_Stored data_
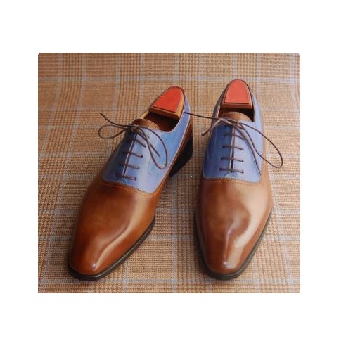 Handmade men brown and blue business Lace Up shoes for men, leather dress shoes
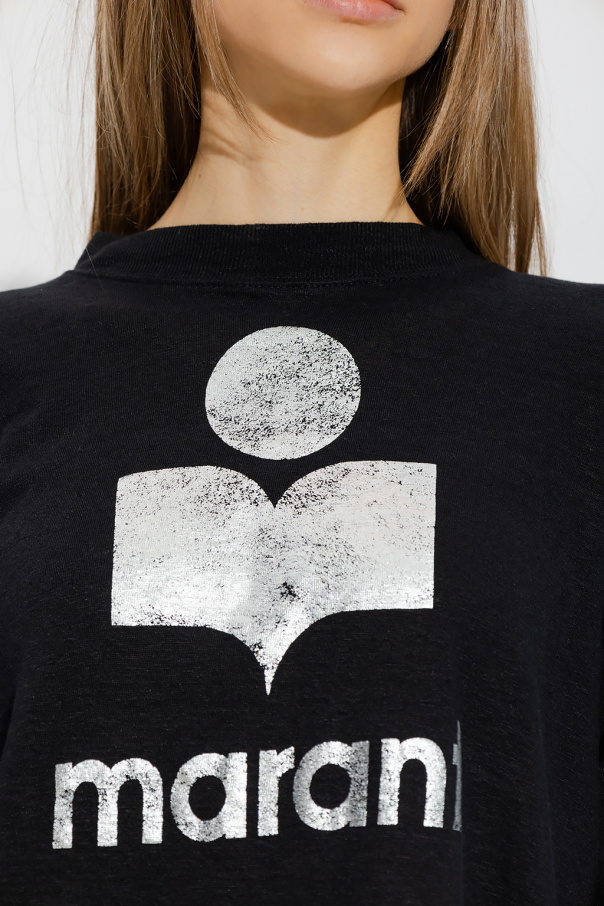 Black ‘Klowia’ crewneck sweatshirt from Isabel Marant Étoile. Made of linen, this long sleeve design features a printed logo pattern in silver-tone and ribbed edges.
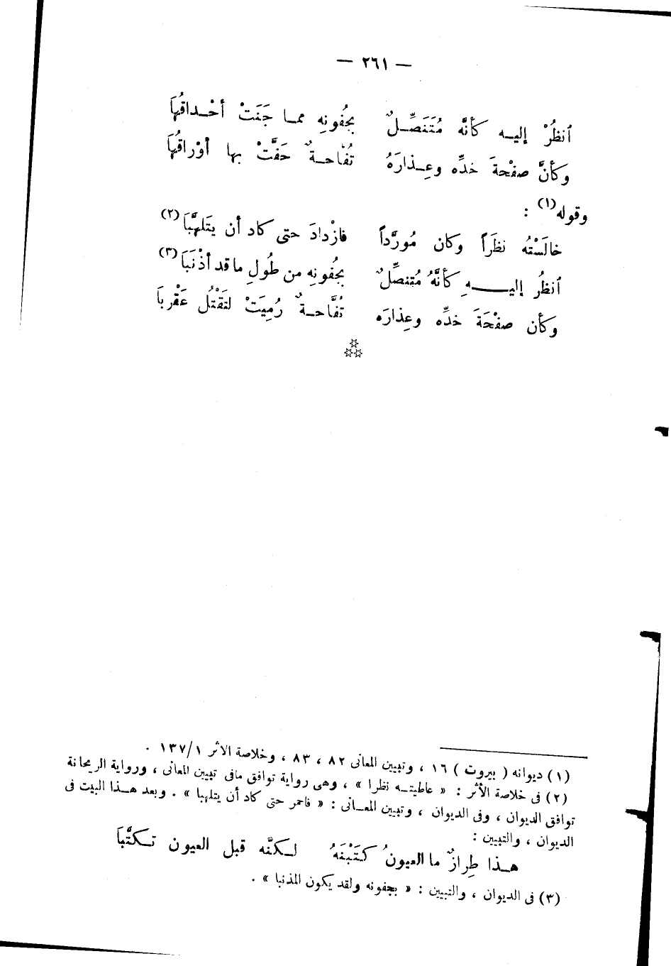 وكأن صفْحَةَ خدَّه وعِذارَه ... تُفَّاحةٌ رُمِيَتْ لتَقْتُل عَقْرباً
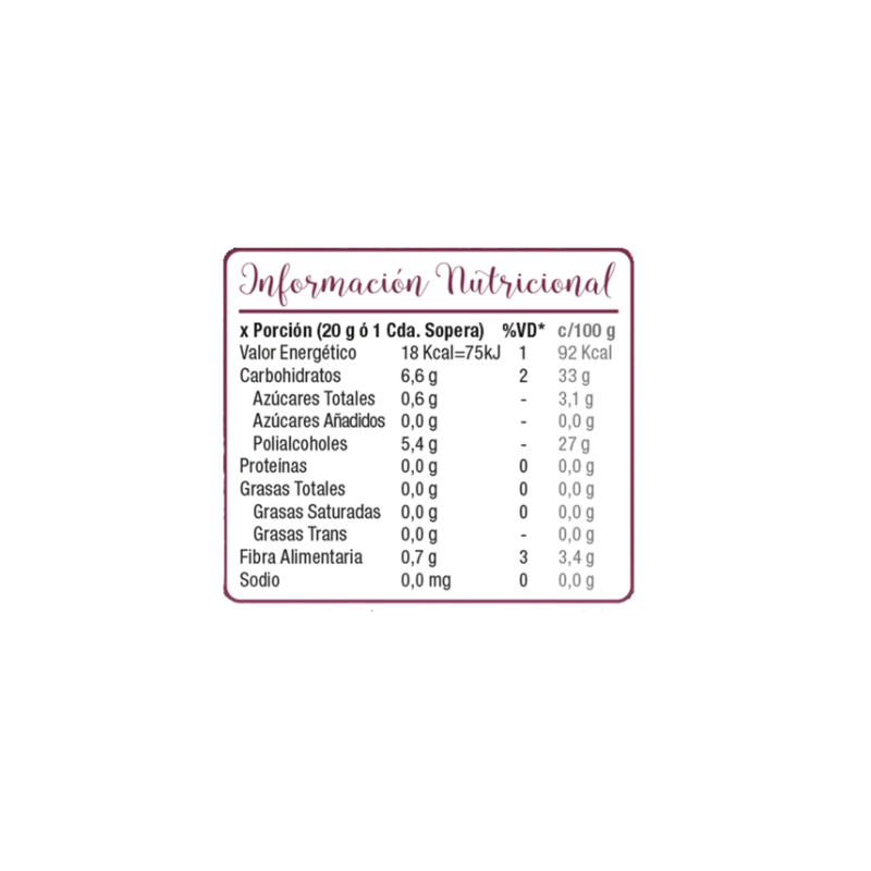Ingredientes: Moras, Jarabe de Sorbitol, GEL Pectina, Goma xántica,ACI: ácido cítrico, FIR: Lactato de calcio, CONS: Sorbato de Potasio,EDU: Glicósidos de Steviol, ARO: Esencia Natural de Moras.

_Task requirements_
Give back, exactly as written, the lines from the top of the material above to the line containing "وكأن صفْحَةَ خدَّه", both included; skip every picture.

_Finished task_
 Handmade men brown and blue business Lace Up shoes for men, leather dress shoes
 Black ‘Klowia’ crewneck sweatshirt from Isabel Marant Étoile. Made of linen, this long sleeve design features a printed logo pattern in silver-tone and ribbed edges.
 وكأن صفْحَةَ خدَّه وعِذارَه ... تُفَّاحةٌ رُمِيَتْ لتَقْتُل عَقْرباً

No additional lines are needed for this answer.